◆ Your assignment ◆
Below is some data. Retype exactly the lines starting at the one with "Nástavec na vŕtačku" and ending at the one with "รมว.ศธ. กล่าวว่า กระทรวงศึกษาธิการได้รับความอนุเคราะห์จาก".

◆ Provided records ◆
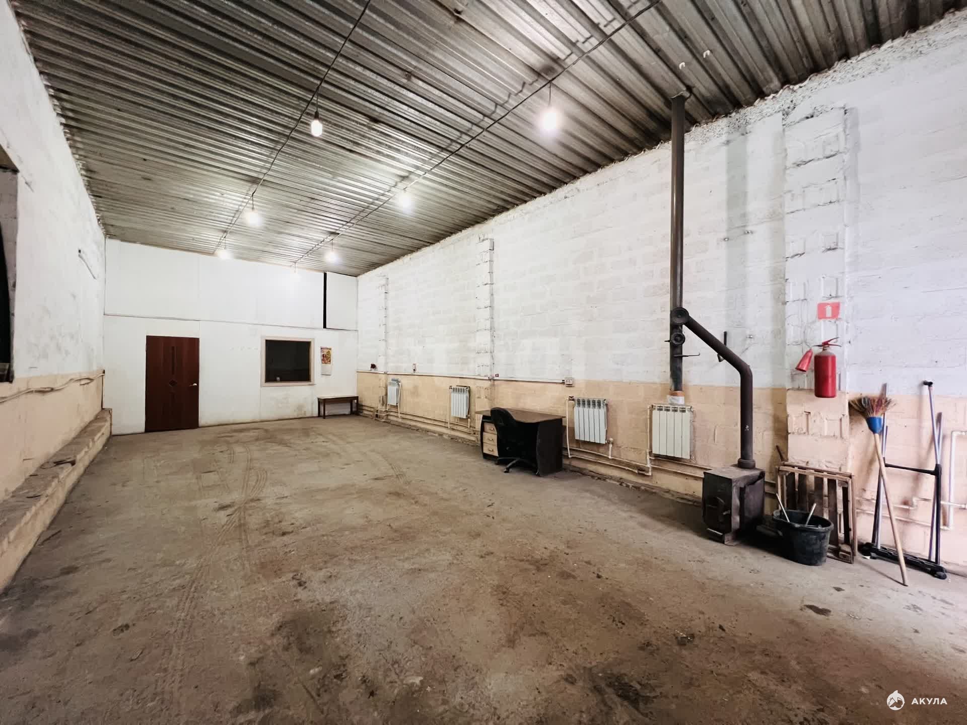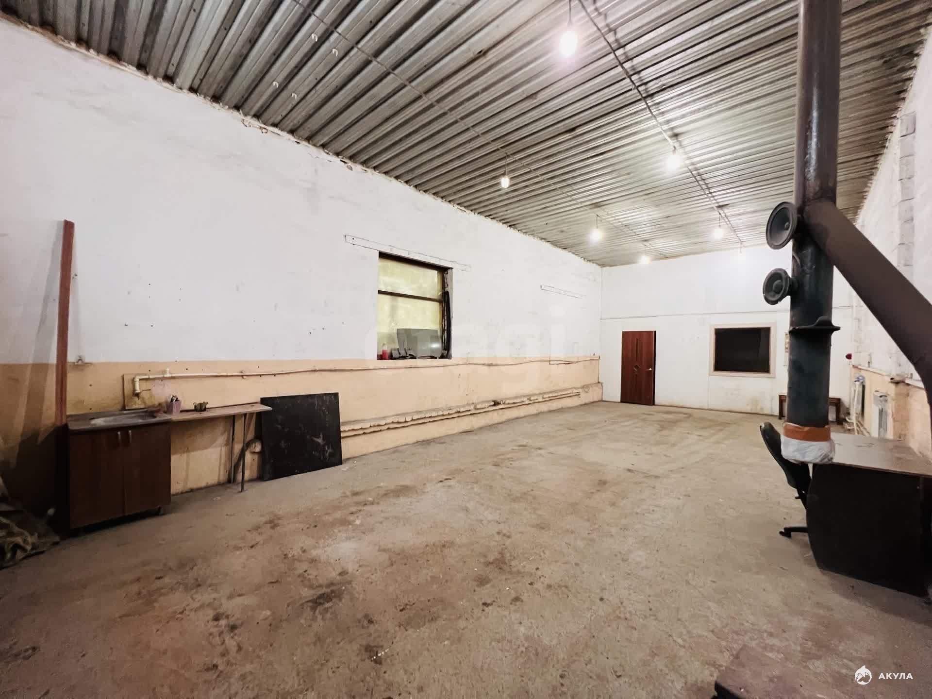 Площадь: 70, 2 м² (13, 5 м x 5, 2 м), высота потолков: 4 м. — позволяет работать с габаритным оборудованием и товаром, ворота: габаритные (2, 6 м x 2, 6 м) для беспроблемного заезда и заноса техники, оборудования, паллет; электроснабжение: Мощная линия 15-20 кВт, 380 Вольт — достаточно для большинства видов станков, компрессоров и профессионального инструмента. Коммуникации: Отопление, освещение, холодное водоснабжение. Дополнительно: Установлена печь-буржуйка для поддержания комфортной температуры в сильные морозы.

---

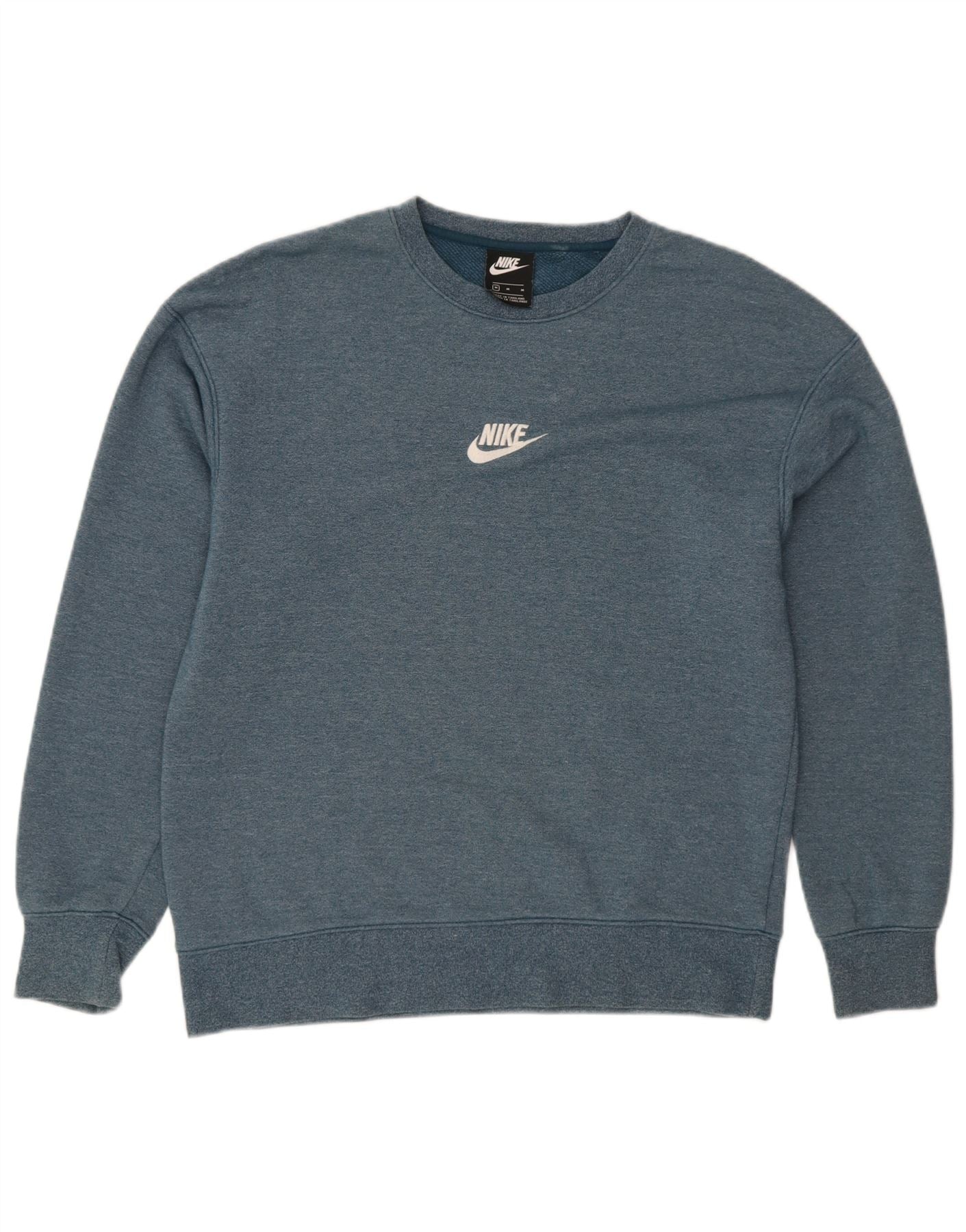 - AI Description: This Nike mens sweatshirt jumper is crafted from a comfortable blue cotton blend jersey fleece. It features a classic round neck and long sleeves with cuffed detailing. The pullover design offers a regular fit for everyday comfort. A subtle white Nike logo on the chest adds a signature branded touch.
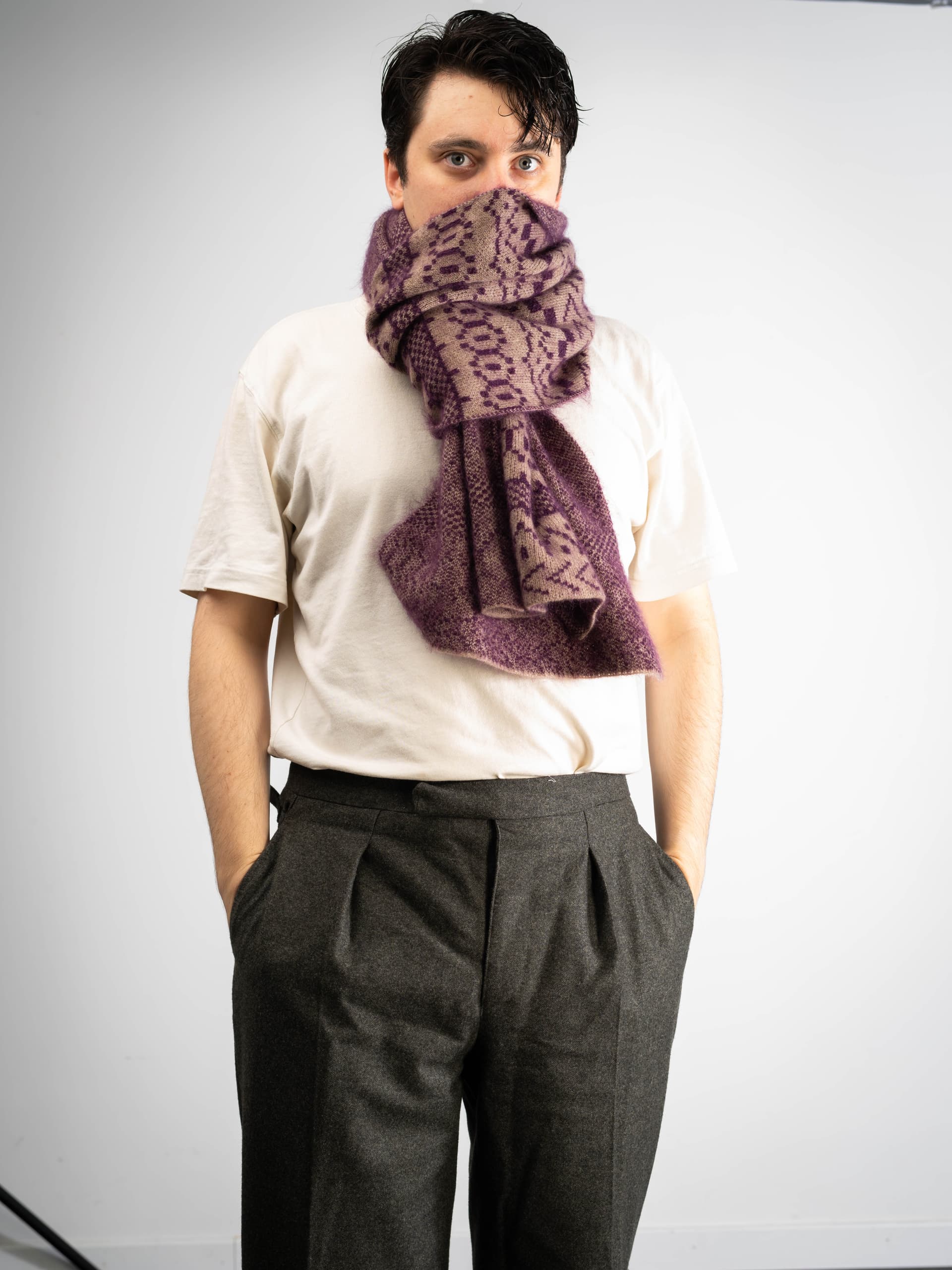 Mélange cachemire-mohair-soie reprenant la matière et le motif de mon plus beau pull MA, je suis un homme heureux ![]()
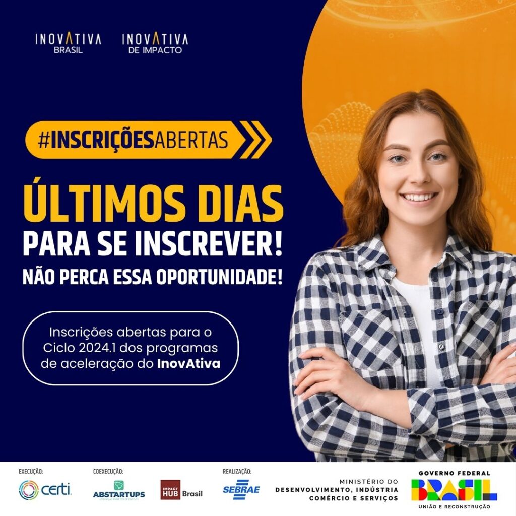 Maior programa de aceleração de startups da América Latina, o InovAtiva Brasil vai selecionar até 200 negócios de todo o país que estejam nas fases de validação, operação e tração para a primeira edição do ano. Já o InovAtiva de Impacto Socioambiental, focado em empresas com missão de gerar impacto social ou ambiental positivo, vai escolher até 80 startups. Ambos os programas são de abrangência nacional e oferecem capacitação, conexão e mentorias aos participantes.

* * *

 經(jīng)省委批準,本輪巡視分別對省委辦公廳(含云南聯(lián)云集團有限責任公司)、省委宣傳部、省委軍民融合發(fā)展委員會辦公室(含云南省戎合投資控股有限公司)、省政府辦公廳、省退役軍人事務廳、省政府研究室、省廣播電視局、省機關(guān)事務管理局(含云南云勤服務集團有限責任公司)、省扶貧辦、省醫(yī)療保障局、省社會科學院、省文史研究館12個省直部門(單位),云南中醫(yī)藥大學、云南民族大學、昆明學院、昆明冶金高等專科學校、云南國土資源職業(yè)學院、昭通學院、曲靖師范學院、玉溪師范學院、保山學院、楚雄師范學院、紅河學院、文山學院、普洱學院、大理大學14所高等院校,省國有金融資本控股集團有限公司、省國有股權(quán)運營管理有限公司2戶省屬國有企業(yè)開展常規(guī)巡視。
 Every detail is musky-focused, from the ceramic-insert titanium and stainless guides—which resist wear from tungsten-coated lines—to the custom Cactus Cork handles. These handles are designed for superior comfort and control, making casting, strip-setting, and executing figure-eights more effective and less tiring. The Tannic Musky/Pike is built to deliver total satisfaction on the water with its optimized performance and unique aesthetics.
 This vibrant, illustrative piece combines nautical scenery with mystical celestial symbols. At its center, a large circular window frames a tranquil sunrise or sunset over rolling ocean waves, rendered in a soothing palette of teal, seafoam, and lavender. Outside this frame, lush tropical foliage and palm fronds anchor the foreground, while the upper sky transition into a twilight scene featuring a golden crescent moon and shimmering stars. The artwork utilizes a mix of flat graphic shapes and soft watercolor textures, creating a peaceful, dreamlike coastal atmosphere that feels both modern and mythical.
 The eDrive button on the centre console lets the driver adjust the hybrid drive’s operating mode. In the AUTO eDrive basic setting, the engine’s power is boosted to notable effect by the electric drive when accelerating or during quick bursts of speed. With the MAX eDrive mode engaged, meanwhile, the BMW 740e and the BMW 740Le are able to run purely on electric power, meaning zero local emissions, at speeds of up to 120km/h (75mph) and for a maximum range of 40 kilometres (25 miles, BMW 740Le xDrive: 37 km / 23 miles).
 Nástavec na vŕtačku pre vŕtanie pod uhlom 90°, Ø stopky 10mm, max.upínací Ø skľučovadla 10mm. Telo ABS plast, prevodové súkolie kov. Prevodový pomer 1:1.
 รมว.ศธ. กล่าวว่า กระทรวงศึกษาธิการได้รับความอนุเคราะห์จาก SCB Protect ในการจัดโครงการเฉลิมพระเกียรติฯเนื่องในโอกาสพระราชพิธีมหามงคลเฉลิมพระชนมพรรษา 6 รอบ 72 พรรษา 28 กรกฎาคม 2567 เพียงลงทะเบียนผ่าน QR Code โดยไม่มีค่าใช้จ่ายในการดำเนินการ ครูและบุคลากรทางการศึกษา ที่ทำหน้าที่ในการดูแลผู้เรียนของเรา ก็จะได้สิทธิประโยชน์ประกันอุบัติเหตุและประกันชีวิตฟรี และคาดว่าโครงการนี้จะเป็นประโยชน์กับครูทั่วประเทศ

◆ Response below ◆
 Nástavec na vŕtačku pre vŕtanie pod uhlom 90°, Ø stopky 10mm, max.upínací Ø skľučovadla 10mm. Telo ABS plast, prevodové súkolie kov. Prevodový pomer 1:1.
 รมว.ศธ. กล่าวว่า กระทรวงศึกษาธิการได้รับความอนุเคราะห์จาก SCB Protect ในการจัดโครงการเฉลิมพระเกียรติฯเนื่องในโอกาสพระราชพิธีมหามงคลเฉลิมพระชนมพรรษา 6 รอบ 72 พรรษา 28 กรกฎาคม 2567 เพียงลงทะเบียนผ่าน QR Code โดยไม่มีค่าใช้จ่ายในการดำเนินการ ครูและบุคลากรทางการศึกษา ที่ทำหน้าที่ในการดูแลผู้เรียนของเรา ก็จะได้สิทธิประโยชน์ประกันอุบัติเหตุและประกันชีวิตฟรี และคาดว่าโครงการนี้จะเป็นประโยชน์กับครูทั่วประเทศ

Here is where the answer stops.